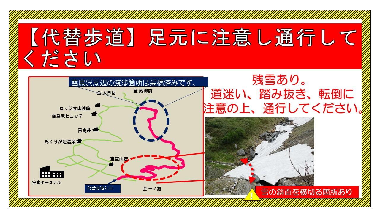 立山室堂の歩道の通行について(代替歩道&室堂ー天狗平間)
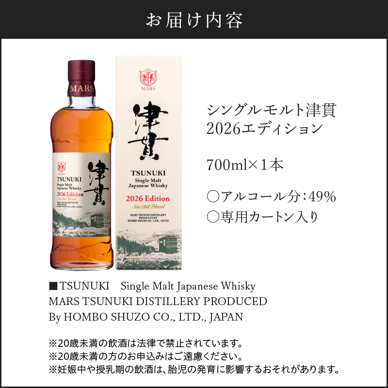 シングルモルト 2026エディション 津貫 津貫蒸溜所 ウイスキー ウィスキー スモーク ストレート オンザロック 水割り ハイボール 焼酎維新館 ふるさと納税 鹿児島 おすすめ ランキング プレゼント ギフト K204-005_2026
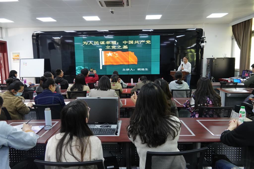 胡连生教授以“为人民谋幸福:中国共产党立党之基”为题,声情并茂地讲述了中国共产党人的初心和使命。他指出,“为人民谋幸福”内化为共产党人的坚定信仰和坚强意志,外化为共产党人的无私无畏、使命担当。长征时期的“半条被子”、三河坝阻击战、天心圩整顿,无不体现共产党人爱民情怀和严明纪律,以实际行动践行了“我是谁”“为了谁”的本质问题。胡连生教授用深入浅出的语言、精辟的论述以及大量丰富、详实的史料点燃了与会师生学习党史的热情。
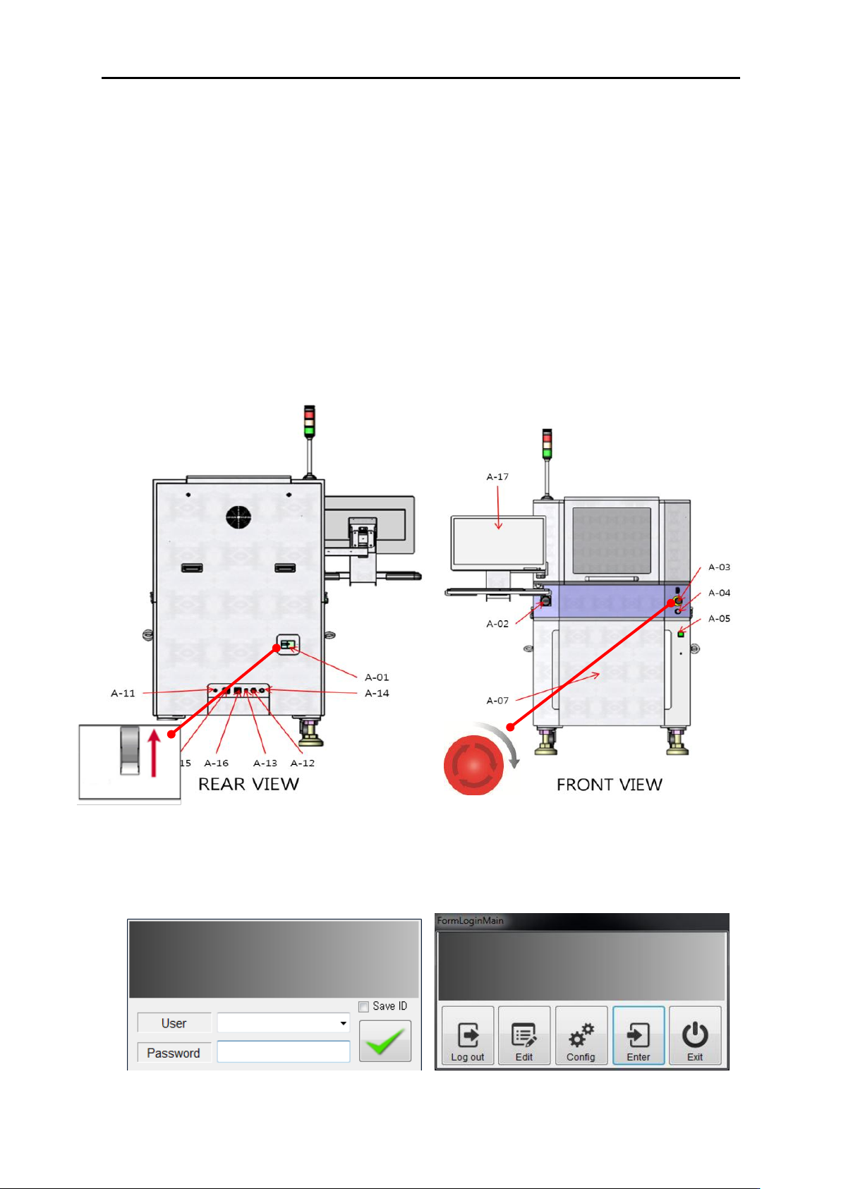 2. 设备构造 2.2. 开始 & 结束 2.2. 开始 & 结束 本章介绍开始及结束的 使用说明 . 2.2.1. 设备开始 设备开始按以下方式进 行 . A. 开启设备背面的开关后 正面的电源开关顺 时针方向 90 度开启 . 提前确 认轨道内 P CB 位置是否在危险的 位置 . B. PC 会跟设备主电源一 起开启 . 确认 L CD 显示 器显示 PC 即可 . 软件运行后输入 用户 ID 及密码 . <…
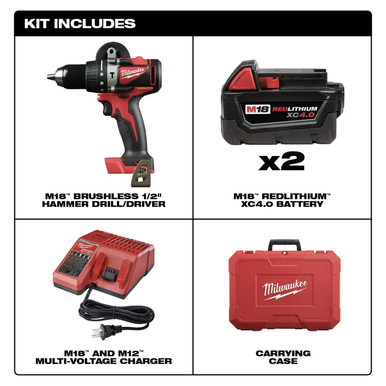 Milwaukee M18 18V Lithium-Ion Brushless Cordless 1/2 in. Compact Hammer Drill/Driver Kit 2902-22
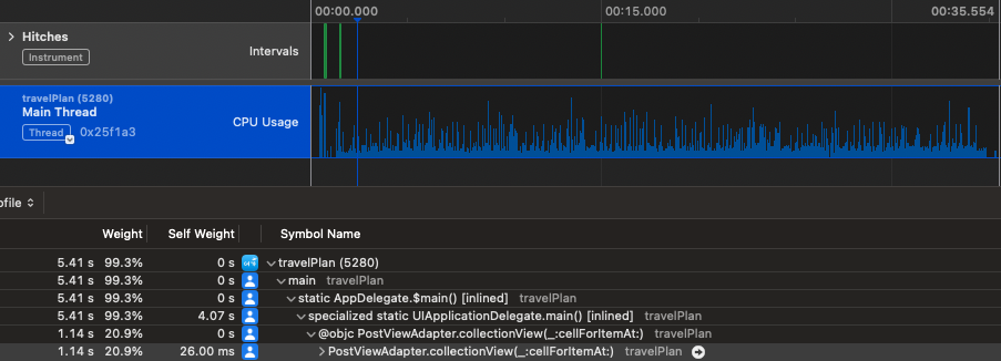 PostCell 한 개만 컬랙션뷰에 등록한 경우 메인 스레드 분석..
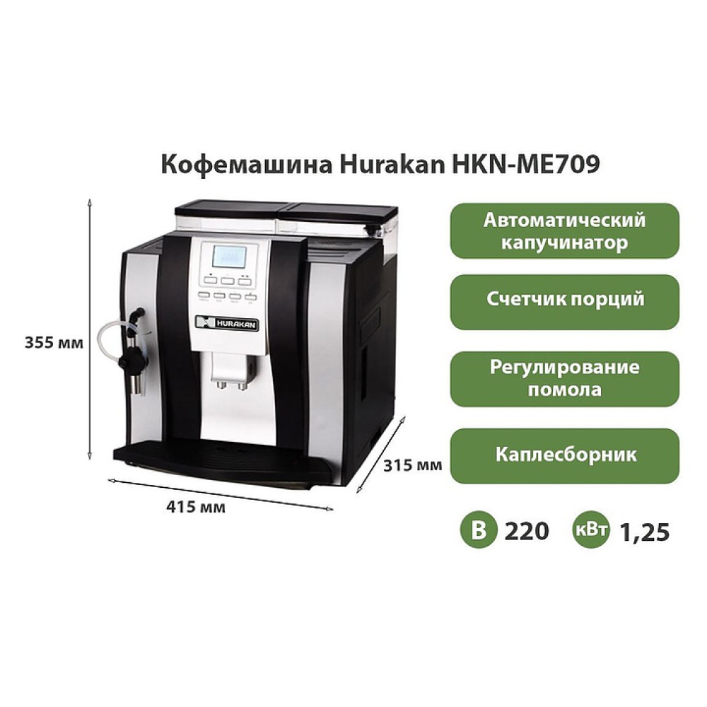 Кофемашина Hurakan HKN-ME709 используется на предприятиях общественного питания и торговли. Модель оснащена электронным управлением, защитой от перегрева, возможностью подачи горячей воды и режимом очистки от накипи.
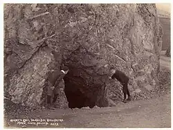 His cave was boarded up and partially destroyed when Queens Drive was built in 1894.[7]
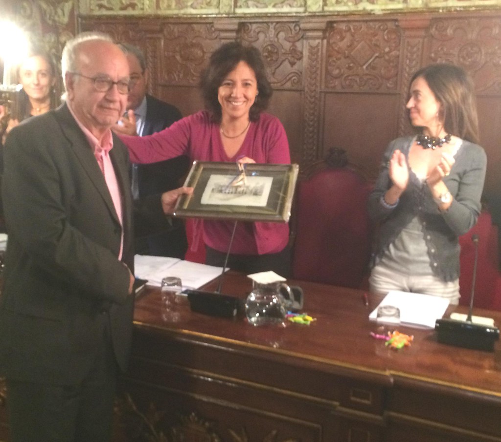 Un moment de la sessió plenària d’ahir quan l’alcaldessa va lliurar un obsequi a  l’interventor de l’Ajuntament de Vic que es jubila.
○ ○ ○ ○ ○
• [Problem description] In the data above, find the line with "PostCell 한 개만 컬랙션뷰에 등록한 경우 메인 스레드 분석.." and repeat it and every line after it through the end, exactly; leave the pictures out.

• [Response]
 PostCell 한 개만 컬랙션뷰에 등록한 경우 메인 스레드 분석..
 Кофемашина Hurakan HKN-ME709 используется на предприятиях общественного питания и торговли. Модель оснащена электронным управлением, защитой от перегрева, возможностью подачи горячей воды и режимом очистки от накипи.
 His cave was boarded up and partially destroyed when Queens Drive was built in 1894.[7]
 Un moment de la sessió plenària d’ahir quan l’alcaldessa va lliurar un obsequi a  l’interventor de l’Ajuntament de Vic que es jubila.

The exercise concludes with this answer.